5. Except for a new Class I NF or Class II NF, the following shall apply to each Class I NF and Class II NF not included in the 8:85-3.8 database and to each Class I NF and Class II NF included in this database but where the NF's cost report filing status subjects that NF to penalties pursuant to 8:85-3.2(b):
i. If an NF has had a validated cost report included in the database for rate setting purposes under this chapter, the direct care rate component shall be the lowest direct care rate for the applicable Class of NF for the rate quarter.
(1) The direct care rate in (a)5i above shall remain in effect until such time that a properly filed cost report is received and validated, and a direct care rate established using that validated cost report shall be used to retrospectively adjust the rate quarters in which the lowest direct care rate was used; or
ii.
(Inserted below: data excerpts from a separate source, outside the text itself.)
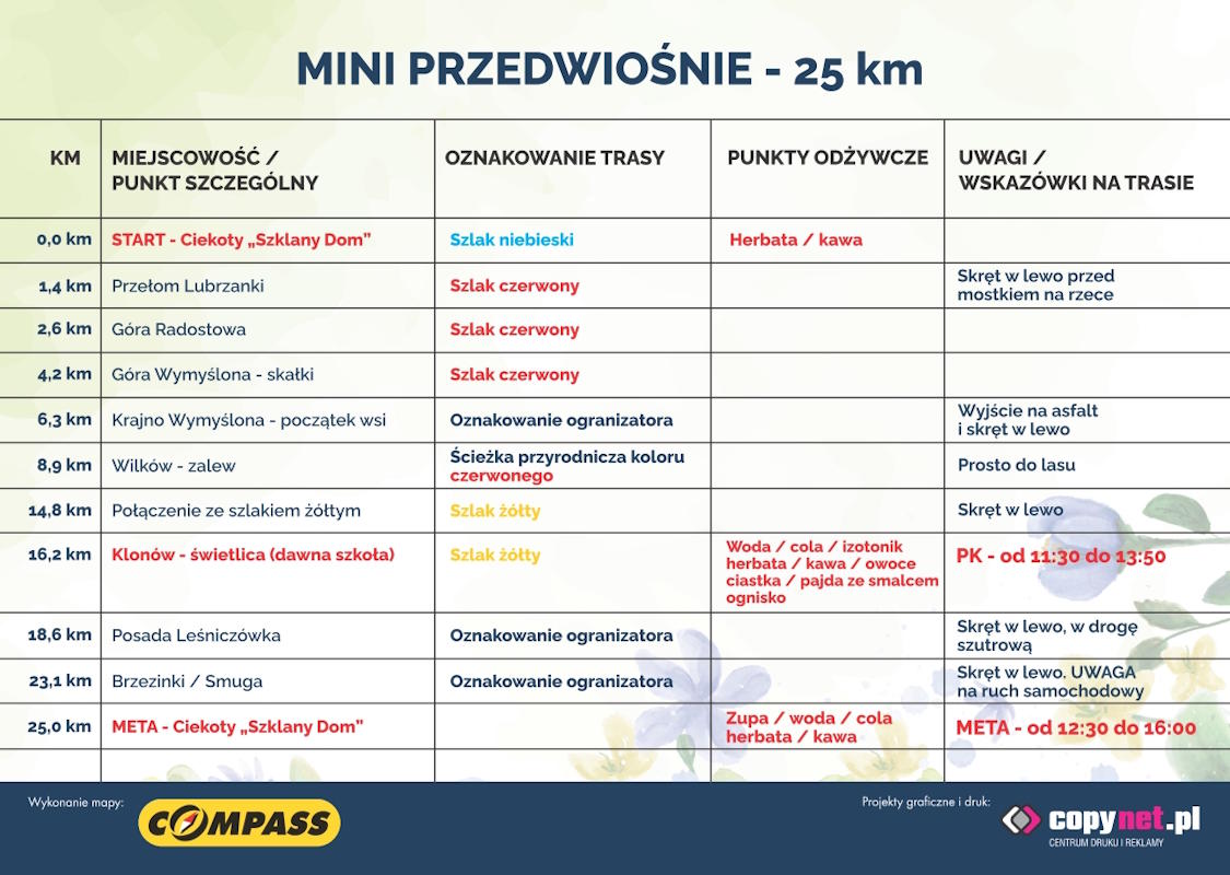 Festiwal Pieszo-Biegowy PRZEDWIOŚNIE – trasa 25km Zapraszamy do zakładki poświęconej trasie nr 1 – Mini Przedwiośnie, gdzie znajdziesz szczegółowe informacje na temat naszego malowniczego szlaku Slad GPX, przebieg i profil trasy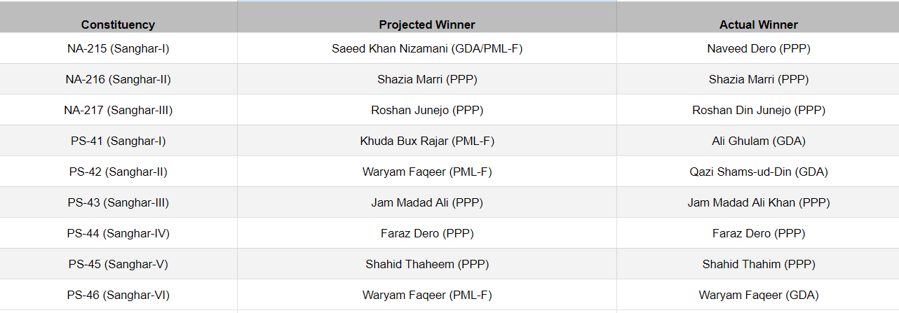The district’s national and provincial seats mostly remain divided between the Pakistan Muslim League-Functional (PML-F) and the Pakistan Peoples Party-Parliamentarian (PPPP).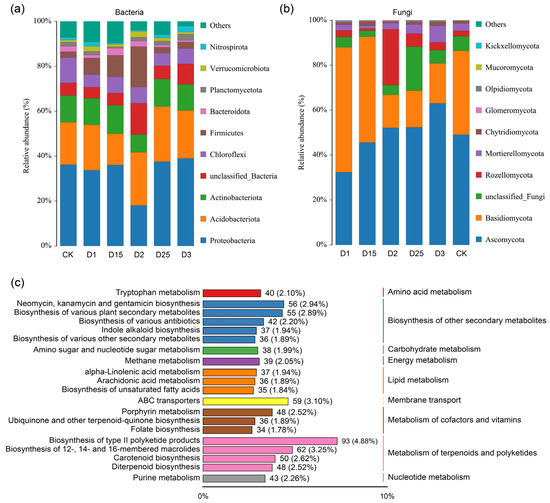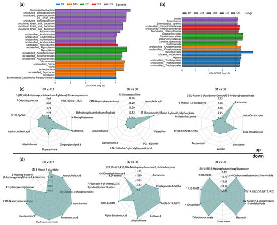 Non-metric multi-dimensional scaling (NMDS) and orthogonal projections to latent structure-discriminant analysis (OPLS-DA) were used to test the reproducibility of the microbiological and metabolic samples and to enable further in-depth analysis. The NMDS results showed complete separation of microbial samples under different CRF application conditions, as demonstrated in Figure S5a,b. Similarly, the degree of separation of the samples was indicated by the principal coordinates analysis (PCoA) based on the metabolic set, where PCo1 explained 74.71%, as shown in Figure S5c. To accommodate the high-dimensional nature of the metabolomic data, PLS-DA and OPLS-DA were applied to characterize the sample separation and initial screening of differential metabolites between all of the samples and selected paired comparison groups, respectively. The results showed that all treated replicate samples were discriminatory based on metabolite expression (Figure S6). Meanwhile, in the comparison groups of D25 vs. D15 and D3 vs. D1, replicate samples under the corresponding CRF application conditions were similarly significantly separated based on metabolite expression (Q2Y > 0.5). The reliability of the OPLS-DA model was demonstrated by the multiple modelling scatterplot after the permutation test (Figure S7). Under stringent LDA screening conditions, the bacterial groups Gammaproteobacteria, Acidimicrobia, Acidibacter_ferrireducens, Mycoplasma, Vibrionaceae, Vibrio, and Bryobacter were identified as being able to distinguish between different biomarkers of CRF application (Figure 2a). The fungal group showed the prominence of Waitea, Enterocarpus, Herpotrichiellaceae, Saccharomycetales, Debaryomycetaceae, Candida_quercitrusa Kurtzmaniella, and Mycena_noctilucens (Figure 2b).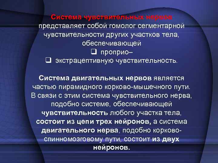 Система чувствительных нервов представляет собой гомолог сегментарной чувствительности других участков тела, обеспечивающей q проприо– q экстрацептивную чувствительность. Система двигательных нервов является частью пирамидного корково мышечного пути. В связи с этим система чувствительного нерва, подобно системе, обеспечивающей чувствительность любого участка тела, состоит из цепи трех нейронов, а система двигательного нерва, подобно корково спинномозговому пути, состоит из двух нейронов.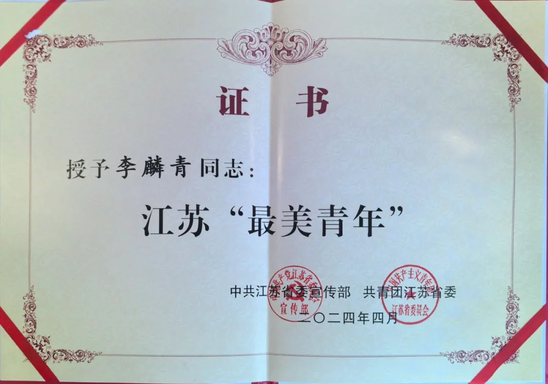 李麟青在我校完成了本科、硕士到博士的学业,品学兼优、励志奋进,曾获“中国大学生自强之星”“江苏青年五四奖章”“江苏省自强模范”“江苏省大学生就业创业年度人物”“‘智创未来’强国青年创业者”“苏州市十大杰出青年”“苏州市优秀共产党员”“苏州时代新人”等荣誉,其典型事迹和励志故事多次被《人民日报》、央视新闻关注报道。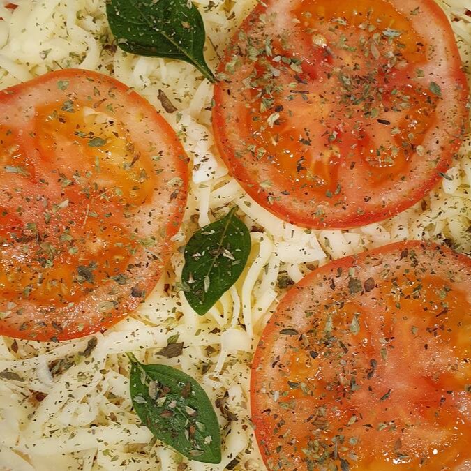Massa de pizza P&C, mussarela, tomate em rodelas, orégano e manjericão. Tamanho brotinho.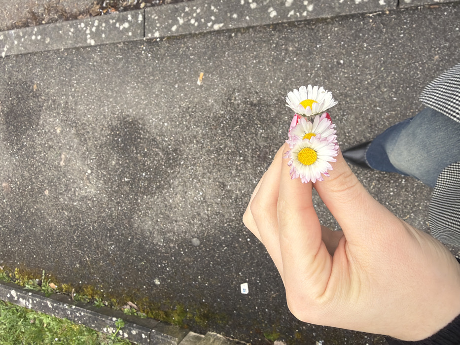 An overhead photograph depicts a human's right hand holding three daisies above a paved surface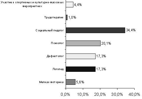 Рис. 3 Медицинские средства реабилитации, применяемые в Кумертауском реабилитационном центре Социальная реабилитация начинается с посещения социального педагога. Психологическая помощь оказана 56% человек. Потребности в этой услуге гораздо шире, но в данный период ограничивались этим количеством из-за недостаточности высококвалифицированных специалистов. Из данной группы исследуемых 12,5 % постоянно участвуют в спортивных и культурно-массовых мероприятиях. Половина занимающихся нуждаются в уроках с логопедами и дефектологами, которые проводят сеансы по мелкой моторике ( рис. 4).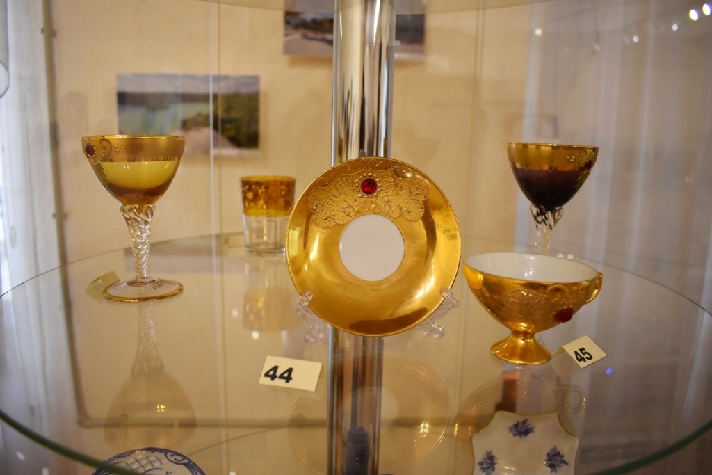 Ще одна статуетка «Жовта квітка» - прикраса для весільного столу. Раніше такі квіти виготовляли з кераміки чи порцеляни та декорували святковий стіл. Велика кількість посуду розписана вручну, а деякі навіть мають авторський розпис: тарілка «Колібрі» та чайний набір «Колібрі» авторки Ліни Лію, тарілка «Сойки» художника Кевіна Даніеля.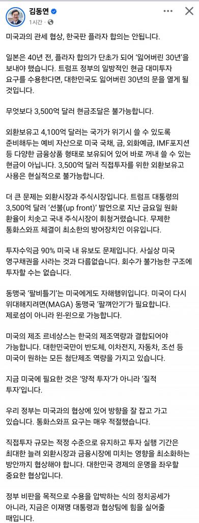 특히 "더 큰 문제는 외환시장과 주식시장"이라며 "트럼프 대통령의 3500억 달러 '선불(up front)' 발언으로 지난 금요일 원화 환율이 치솟고 국내 주식시장이 휘청거렸다"고 우려했다.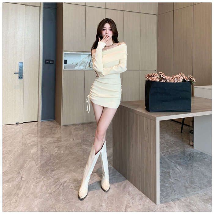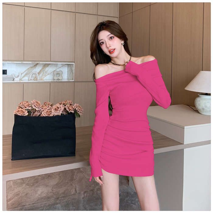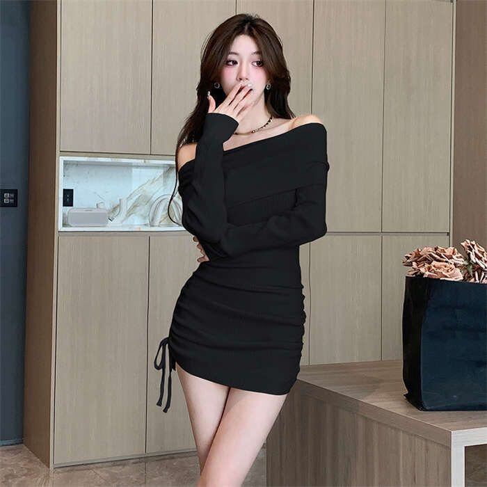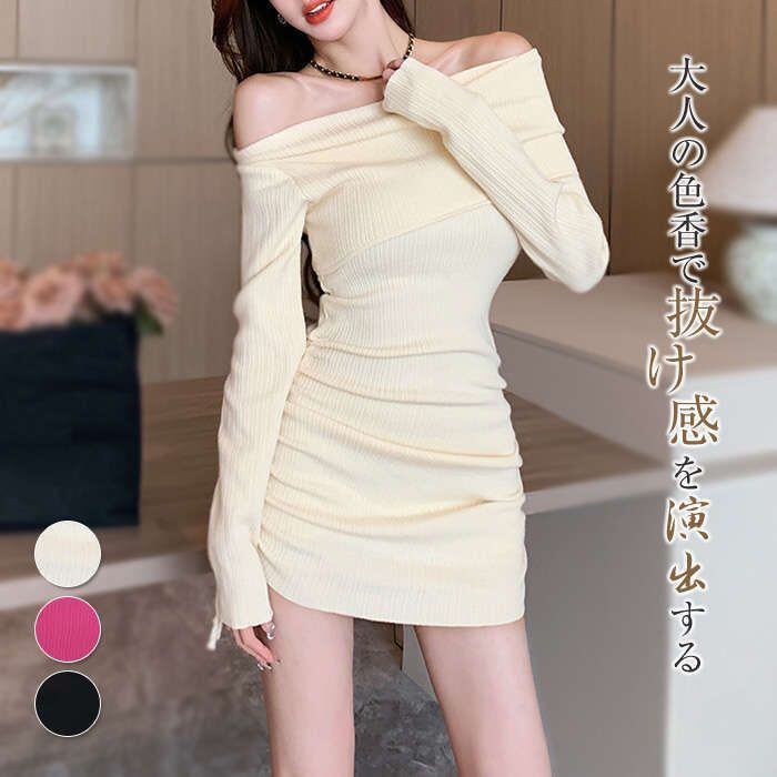 ニットワンピース リブニットワンピ 春 秋 ストレッチ 伸縮性 長袖 オフィス シンプル OL オフショルダー 着回し 膝上 ニット ワンピース

If an NF does not have a validated cost report included in the database for rate setting purposes under this chapter, the rate paid to the NF, including any applicable add-ons, shall be its reimbursement rate in effect on June 30, 2010.
(b) Each NF's operating and administrative rate component shall be the price established for the NF's class designation for the rate year.

N.J. Admin. Code § 8:85-3.10

As amended, R.1984 d.573, effective 12/16/1984.
See: 16 N.J.R. 2484(a), 16 N.J.R. 3437(a).
Deleted (a)8 and recodified (a)9 to (a)8.
Recodified from 10:63-3.9 and amended by R.1994 d.624, effective 1/3/1995.
See: 26 N.J.R. 3614(a), 27 N.J.R. 156(a).
Amended by R.1995 d.174, effective 3/20/1995 (operative April 1, 1995).
See: 27 N.J.R. 281(a), 27 N.J.R. 1307(a).
Amended by R.1996 d.147, effective 3/18/1996.
See: 27 N.J.R. 3314(a), 28 N.J.R. 1535(a).
Recodified from N.J.A.C. 10:63-3.10 and amended by R.2005 d.389, effective 1/17/2006.
See: 36 N.J.R. 4700(a), 37 N.J.R. 1185(a), 38 N.J.R. 674(a).
Substituted "Department" for "departments", changed references N.J.A.C. 10:63 to N.J.A.C. 8:85, and made grammatical changes throughout.
Repeal and New Rule, R.2011 d.121, effective 4/18/2011.
See: 42 N.J.R. 1793(a), 43 N.J.R. 961(c).
Section was "Property--capital costs".